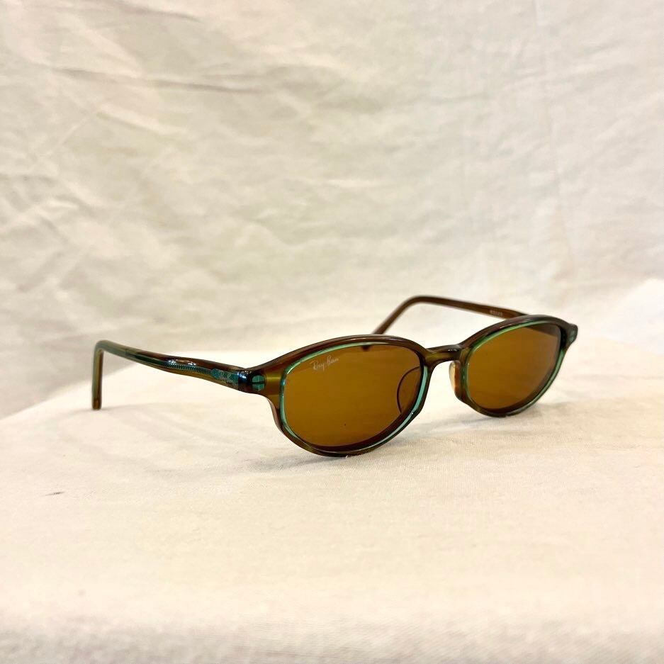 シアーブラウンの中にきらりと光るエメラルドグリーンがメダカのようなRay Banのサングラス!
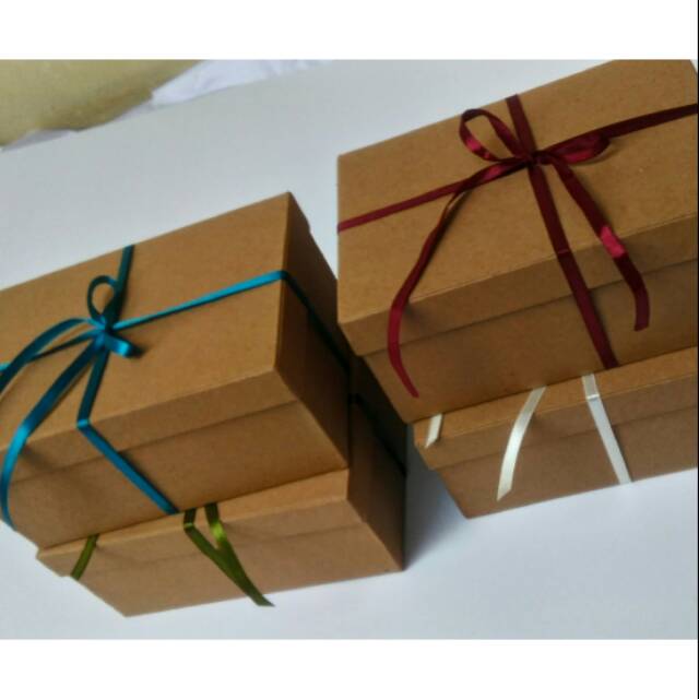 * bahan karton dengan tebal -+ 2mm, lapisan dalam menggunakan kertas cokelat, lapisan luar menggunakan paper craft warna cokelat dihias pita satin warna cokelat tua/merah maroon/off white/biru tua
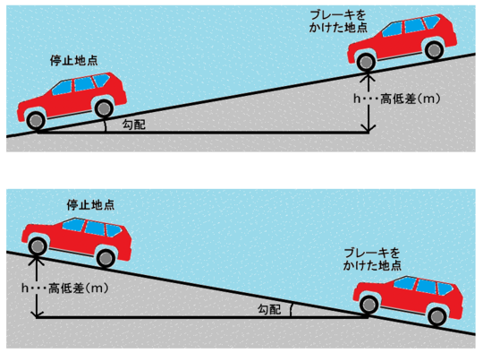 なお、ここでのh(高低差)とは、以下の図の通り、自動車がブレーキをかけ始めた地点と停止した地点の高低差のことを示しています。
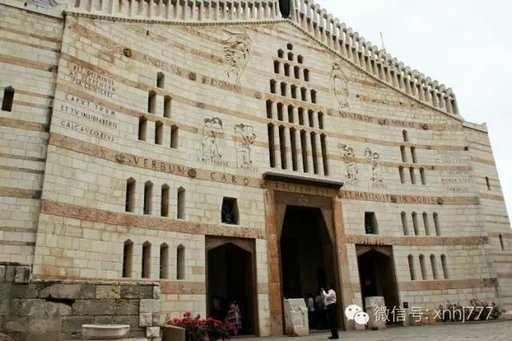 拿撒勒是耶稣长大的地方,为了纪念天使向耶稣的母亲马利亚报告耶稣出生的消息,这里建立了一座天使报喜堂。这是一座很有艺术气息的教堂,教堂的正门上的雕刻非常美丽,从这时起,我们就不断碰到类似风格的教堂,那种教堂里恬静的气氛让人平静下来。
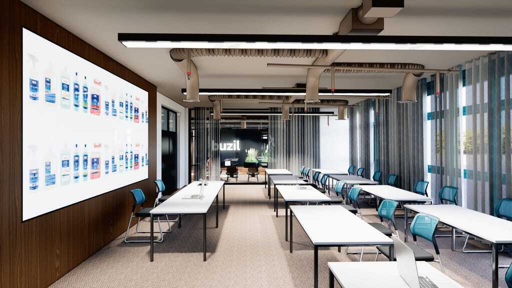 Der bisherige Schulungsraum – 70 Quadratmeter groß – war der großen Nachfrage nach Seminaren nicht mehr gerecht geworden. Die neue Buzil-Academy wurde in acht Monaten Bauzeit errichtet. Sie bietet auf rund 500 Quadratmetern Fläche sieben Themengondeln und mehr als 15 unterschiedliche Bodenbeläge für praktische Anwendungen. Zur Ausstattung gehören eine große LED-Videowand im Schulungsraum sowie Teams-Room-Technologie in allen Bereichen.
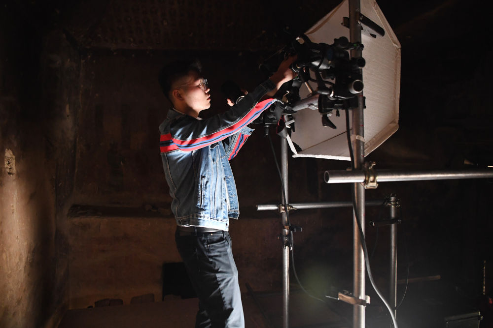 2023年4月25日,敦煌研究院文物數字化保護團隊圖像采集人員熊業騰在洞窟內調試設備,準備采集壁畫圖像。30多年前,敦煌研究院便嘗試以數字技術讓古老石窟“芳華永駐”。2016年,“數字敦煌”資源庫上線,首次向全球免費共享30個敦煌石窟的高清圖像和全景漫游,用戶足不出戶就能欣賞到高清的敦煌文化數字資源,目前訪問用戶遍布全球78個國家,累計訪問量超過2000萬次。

※ ※ ※

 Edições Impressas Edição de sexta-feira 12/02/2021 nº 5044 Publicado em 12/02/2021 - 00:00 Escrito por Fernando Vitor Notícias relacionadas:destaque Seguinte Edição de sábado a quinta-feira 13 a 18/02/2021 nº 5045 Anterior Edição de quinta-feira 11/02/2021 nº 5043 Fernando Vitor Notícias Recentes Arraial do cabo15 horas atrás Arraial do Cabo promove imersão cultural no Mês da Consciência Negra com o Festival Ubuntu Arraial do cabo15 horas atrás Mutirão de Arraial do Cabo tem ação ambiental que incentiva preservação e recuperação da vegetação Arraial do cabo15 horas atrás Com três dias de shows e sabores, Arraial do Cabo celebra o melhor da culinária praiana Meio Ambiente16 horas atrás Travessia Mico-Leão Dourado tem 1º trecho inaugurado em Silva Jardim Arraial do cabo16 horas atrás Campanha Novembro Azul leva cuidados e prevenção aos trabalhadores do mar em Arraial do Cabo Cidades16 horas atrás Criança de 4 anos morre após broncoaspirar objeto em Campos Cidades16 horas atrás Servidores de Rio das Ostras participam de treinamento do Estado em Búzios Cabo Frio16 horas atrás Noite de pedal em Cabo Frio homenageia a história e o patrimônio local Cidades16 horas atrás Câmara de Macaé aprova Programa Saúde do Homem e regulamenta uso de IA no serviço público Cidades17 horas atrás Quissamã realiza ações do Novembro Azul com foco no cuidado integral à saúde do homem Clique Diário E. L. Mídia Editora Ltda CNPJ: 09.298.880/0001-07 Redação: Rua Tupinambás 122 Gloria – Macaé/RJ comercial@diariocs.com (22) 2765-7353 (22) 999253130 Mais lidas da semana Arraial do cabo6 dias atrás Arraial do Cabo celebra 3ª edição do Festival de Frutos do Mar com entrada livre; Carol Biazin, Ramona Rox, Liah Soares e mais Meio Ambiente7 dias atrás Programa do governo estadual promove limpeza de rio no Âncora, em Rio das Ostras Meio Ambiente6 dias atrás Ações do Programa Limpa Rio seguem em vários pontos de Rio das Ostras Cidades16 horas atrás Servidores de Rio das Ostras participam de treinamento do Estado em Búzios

※ ※ ※

§ PROBLEM: Restate the lines above from the one containing "シアーブラウンの中にきらりと" through the one containing "なお、ここでのh(高低差)と", inclusive, exactly and without pictures.

§ SOLUTION TO THIS EXERCISE:
 シアーブラウンの中にきらりと光るエメラルドグリーンがメダカのようなRay Banのサングラス!
 * bahan karton dengan tebal -+ 2mm, lapisan dalam menggunakan kertas cokelat, lapisan luar menggunakan paper craft warna cokelat dihias pita satin warna cokelat tua/merah maroon/off white/biru tua
 なお、ここでのh(高低差)とは、以下の図の通り、自動車がブレーキをかけ始めた地点と停止した地点の高低差のことを示しています。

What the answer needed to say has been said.